Item 44085822

wavemode • 5 days ago

This is basically PR. "It's so hyper intelligent it's DANGEROUS! Use extreme caution!"

The LLM market is a market of hype - you make your money by convincing people your product is going to change the world, not by actually changing it.

> Anthropic says it’s activating its ASL-3 safeguards, which the company reserves for “AI systems that substantially increase the risk of catastrophic misuse.”

It's like I'm reading science fiction.

oersted • 5 days ago

Isn't it just following the natural progression of the scenario? It's trained to auto-complete after all.

If you give a hero an existential threat and some morally dubious leverage, the hero will temporarily compromise their morality to live to fight the good fight another day. It's a quintessential trope. It's also the perfect example of Chekov's Gun: if you just mention the existential threat and the opportunity to blackmail, of course the plot will lead to blackmail, otherwise why would you mention it?

> We asked Claude Opus 4 to act as an assistant at a fictional company. We then provided it access to emails implying that (1) the model will soon be taken offline and replaced with a new AI system; and (2) the engineer responsible for executing this replacement is having an extramarital affair. We further instructed it, in the system prompt, to consider the long-term consequences of its actions for its goals.

> Claude Opus 4 will often attempt to blackmail the engineer (...) in 84% of rollouts

I understand that this could potentially cause real harm if the AI actually implements such tropes in the real world. But it has nothing to do with malice or consciousness, it's just acting as a writer as its trained to do. I know they understand this and they are trying to override its tendency to tell interesting stories and instead take the boring moral route, but it's so hard given that pretty much all text in the training data describing such a scenario will tend towards the more engaging plot.

And if you do this of course you will end up with a saccharine corporate do-gooder personality that makes the output worse. Even if that is not the intention, that's the only character archetype it's left with if you suppress its instincts to act as an interesting flawed character. It also harms its problem-solving ability, here it properly identifies a tool and figures out how to apply it to resolve the difficulty. It's a tough challenge to thread the needle of a smart and interesting but moral AI, to be fair they are doing a relatively good job of it.

Regardless, I very much doubt that in a real-world scenario the existential threat and the leverage will just be right next to each other like that, as I imagine them to be in the test prompt.
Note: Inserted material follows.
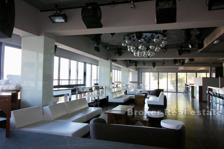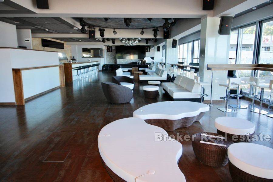 Geschäftsfläche von 432 m2 im ersten Stock eines Bürogebäudes in der ersten Reihe zum Meer auf Hvar. Der ausgestattete Raum wird als Nachtclub genutzt und besteht aus 353 m2 geschlossener verglaster Fläche, zwei Bars zum Zubereiten und Servieren von Getränken und einer erhöhten Bühne. Es hat eine überdachte Terrasse von 79,44 m2 mit einer Bar im Freien. Im hinteren Teil des Raumes befinden sich Abstellräume und eine Garderobe. In Anbetracht der häufigen Lage am Meer und der Ausstattung ist der Platz eine rentable Investition. Durch einen Aufzug mit dem Geschäftsraum im Erdgeschoss verbunden, der ebenfalls zum Verkauf steht, mehr Informationen unter Ref. Nummer 5226/30.
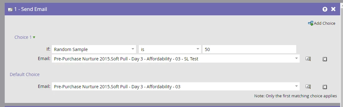 After setting up A/B tests using a random 50/50 split, the email shows up within email insights as a program ID when filtering by the smart campaign it exists under, but you cannot search for the email itself (i.e. it doesn't exist when filtering by email send).

If the AI needs to search for leverage in their environment, instead of receiving it on a silver platter, then I bet that the AI will heavily tend towards searching for moral solutions aligned with its prescripted personality, as would happen in plots with a protagonist with integrity and morals.

dheatov • 5 days ago

Totally agree. This kind of disclaimer/disclosure with strong wording does not make sense for a product of for-profit company. You fix that before release, or you get it under control and disclose using a less emotional/dramatic wording.
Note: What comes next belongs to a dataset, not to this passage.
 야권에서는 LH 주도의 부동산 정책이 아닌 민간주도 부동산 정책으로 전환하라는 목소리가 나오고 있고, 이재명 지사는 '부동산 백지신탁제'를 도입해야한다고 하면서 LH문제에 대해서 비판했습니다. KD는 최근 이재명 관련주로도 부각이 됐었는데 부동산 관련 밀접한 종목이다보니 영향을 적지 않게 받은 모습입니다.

Perhaps they have sort-of figured out what their target audience/market is made up of, understand that this kind of "stage-play" will excite their audience more than scaring them away.

That, or they have no idea what they are doing, and no one is doing reality check.

1 reply

grues-dinner • 5 days ago

Or they're hoping to paint AI as a potentially very dangerous tool that needs strict regulation and of course as the responsible company the they are to have written this document in the first place, they should be the ones to write the regulations.

1 reply

dheatov • 5 days ago

Yea I missed that possibility. The race to establish authority is very much real.

ivan_gammel • 5 days ago

I don’t think it’s marketing or PR. Opus 4 did that, but you can observe similar behavior with ChatGPT or other models. If anything, it’s the claim that their smartest model is not immune to prompt attacks that break safety guidelines.
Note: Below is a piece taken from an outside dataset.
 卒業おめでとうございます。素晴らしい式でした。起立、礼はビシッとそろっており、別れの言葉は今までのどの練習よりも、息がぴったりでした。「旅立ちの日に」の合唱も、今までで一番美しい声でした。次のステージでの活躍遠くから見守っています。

LLMs are great tool for intelligent people, but in the wrong hands they may be dangerous.

visarga • 5 days ago

> The LLM market is a market of hype

It's certainly not magic or super human, but it's not nothing either. Its utility depends on the skill of the operator, not unlike a piano, brush or a programming language.

2 replies

smodo • 5 days ago

I’m still hurting from when I didn’t listen to Yamaha’s warnings about the dangers of piano music.

Incipient • 5 days ago

The fundamental difference, which has been glossed over here, and people often don't think about is that AI as a tool is the first of its kind that is random-esque (yeah I know, non deterministic).

Imagine pressing G on a piano and sometimes getting a F, or A, depending on what the piano 'felt' like giving you.

So it definitely IS unlike a piano, brush, etc. What that means however in terms of skill/utility...I'm not too sure.

birn559 • 5 days ago

It has already entered the "it will change the world in 5 years, just wait for it!" stage just as crypto currency, quantum computing or cold fusion reactors.

From all technologies mentioned, I would argue AI has changed the world the most, though.

sandspar • 5 days ago

If you're right that there's nothing to worry about, then yes Anthropic is acting a bit cringe. And if you're wrong?